Cuando pensamos en nuestra genética, imaginamos el ADN que codifica nuestros genes. Pero es posible que no nos demos cuenta de que estos genes no están inmóviles: ¡pequeños fragmentos de ADN realmente pueden moverse! Algunos genes, llamados transposones , o «genes saltarines», pueden transferirse a través de estructuras separadas de ADN llamadas cromosomas . De hecho, el nombre ‘transposón’ se parece mucho a su capacidad de ‘transponer’. A veces, estos genes se denominan elementos transponibles (TE) . ¡Imagínese los genes saltando de un cromosoma a otro, como un mono salta de un árbol a otro!
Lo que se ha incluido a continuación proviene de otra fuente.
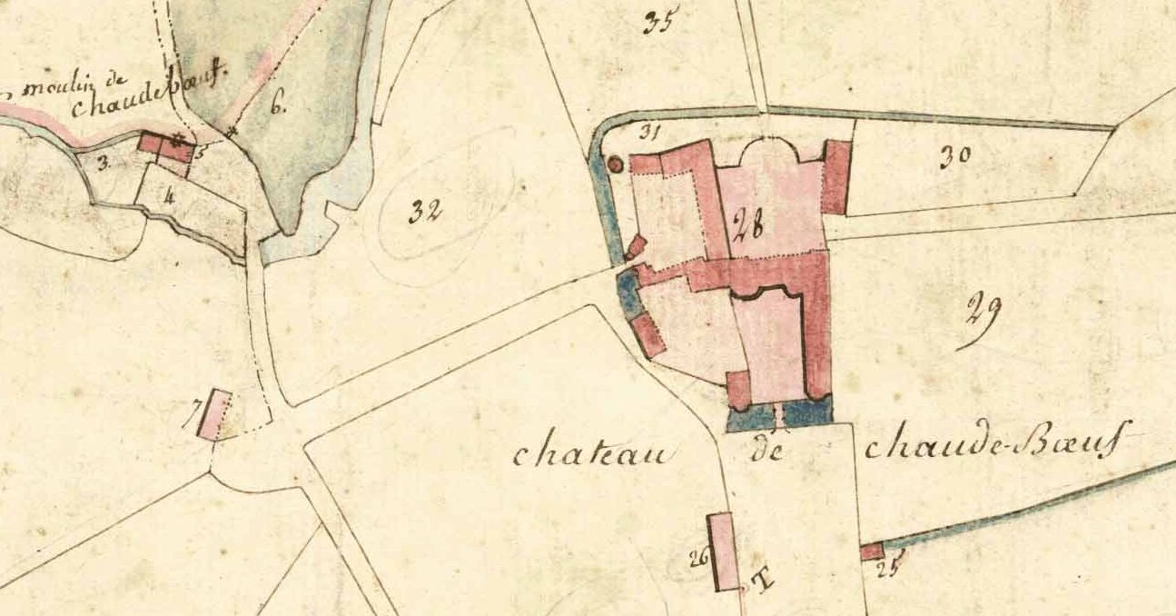 Le moulin de Chaudeboeuf sur le cadastre napoléonien du premier quart du 19e siècle.Immatriculation
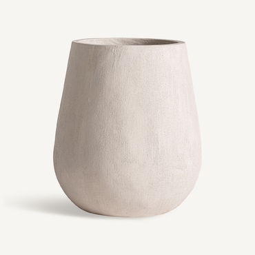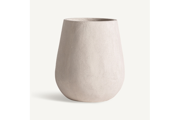 Tinaja, fabricado en cemento en color beige, combinado con fibra de vidrio.
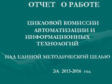ОТЧЕТ О РАБОТЕ ЦИКЛОВОЙ КОМИССИИ АВТОМАТИЗАЦИИ И ИНФОРМАЦИОННЫХ

Descubrimiento de transposones
La científica ganadora del Premio Nobel, Barbara McClintock, descubrió por primera vez los transposones en la década de 1940. Mientras estudiaba la genética del maíz, notó cómo granos de maíz separados mostraban diferentes colores en la misma mazorca. Su investigación reveló que cada grano de maíz se veía diferente porque era genéticamente diferente. McClintock entendió que esto solo podría ocurrir si los genes no fueran estacionarios, sino móviles, y fueran capaces de «saltar» de un cromosoma a otro.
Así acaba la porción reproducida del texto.